Я уже настраиваюсь на длительный спор, но неожиданно старик вздыхает:
– Возьми заказ на светский портрет, figlio[40], и не отказывайся от других, которые воспоследуют, – говорит он и снова начинает хождение туда-сюда. – Все, о чем я тебя прошу – это чтобы ты направил свои усилия в полезное русло. Ты потратил годы на изобретения и на поиски людей, наделенных властью. Знаю, тебе по сердцу жизнь при дворе, но это ни к чему не приведет тебя в итоге. А может статься, приведет к гибели. Тебе еще повезло, что ты добрался сюда из Милана целым и невредимым.
– Я начерчу и построю машину, которая поможет выигрывать войны, и это принесет мне куда больше выгоды, чем расписывание стен в пыли за алтарем в каком-нибудь монастыре, где никто никогда не увидит мою работу, – говорю я, пренебрежительно обводя рукой замкнутый монастырский дворик.
Но отец не сдается:
– Начертить неисповедимые пути истории у себя в тетрадях ты все равно не сможешь. Войну нельзя выиграть с одной лишь помощью подводной лодки, летающей машины или бронированной колесницы.

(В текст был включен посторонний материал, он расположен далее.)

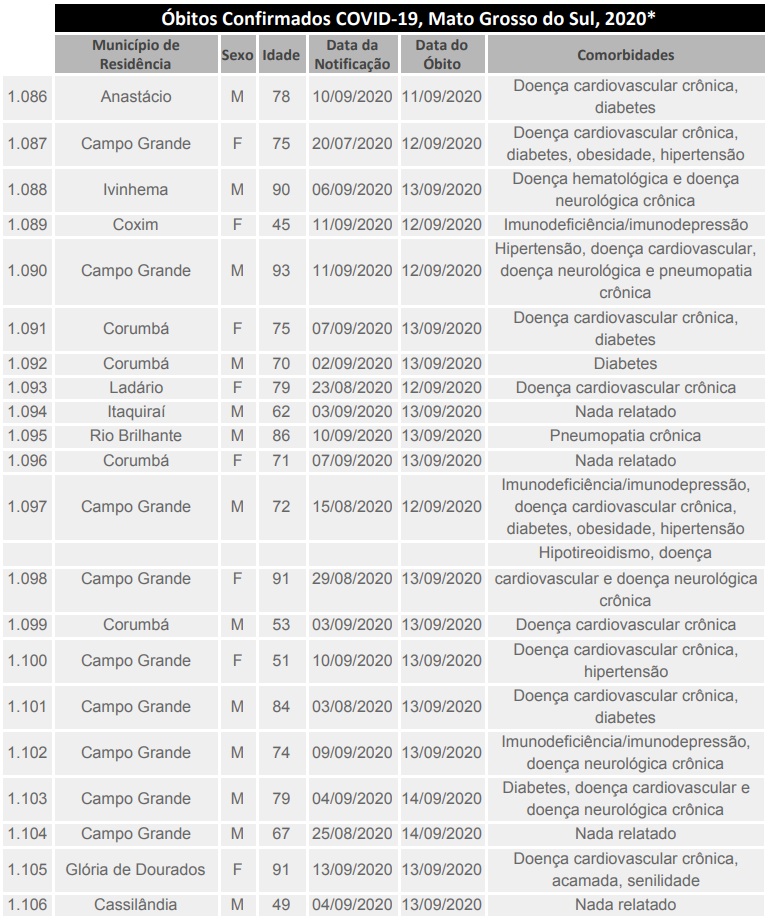 Em 24h, Campo Grande teve nove óbitos pela doença, Corumbá com quatro mortes, e um caso aconteceu em oito municípios, são eles, Anastácio, Cassilândia, Coxim, Gloria de Dourados, Itaquiraí, Ivinhema, Ladário e Rio Brilhante.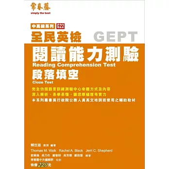 本系列書由英語教學專家 賴世雄教授主編,『百分之百鎖定考題趨勢,完全仿真,幫讀者培養臨場經驗,是讀者致勝的關鍵!』?雙色印刷?重點清楚?排版清晰?完全仿真

Должен признать, аргументы хороши. Отец свое дело знает. Недаром к нему как к нотариусу и советнику обращаются самые просвещенные из флорентийцев. По той же причине и сервиты наняли его для участия в переговорах по их торговым делам.
Я жду, пока страсти немного улягутся, атмосфера разрядится, затем достаю из рукава контракт, подписанный с монахами, и кладу его на стол.

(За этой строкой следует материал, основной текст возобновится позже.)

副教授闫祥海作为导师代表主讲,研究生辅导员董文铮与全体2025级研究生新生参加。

– Как видите, я уже принял предложение сервитов. Контракт вы, разумеется, составили сами.
Он кивает:
– Для тебя это будет неплохое начало. Но закончить работу придется так или иначе. Сперва они и вовсе не хотели тебя нанимать. Сказали, ты человек легкомысленный, увлекающийся, зачастую не умеешь сосредоточиться на одной задаче. – Отец многозначительно умолкает на секунду. – Если монахи увидят, что работа у тебя продвигается слишком медленно, имеют право расторгнуть контракт без выплаты гонорара.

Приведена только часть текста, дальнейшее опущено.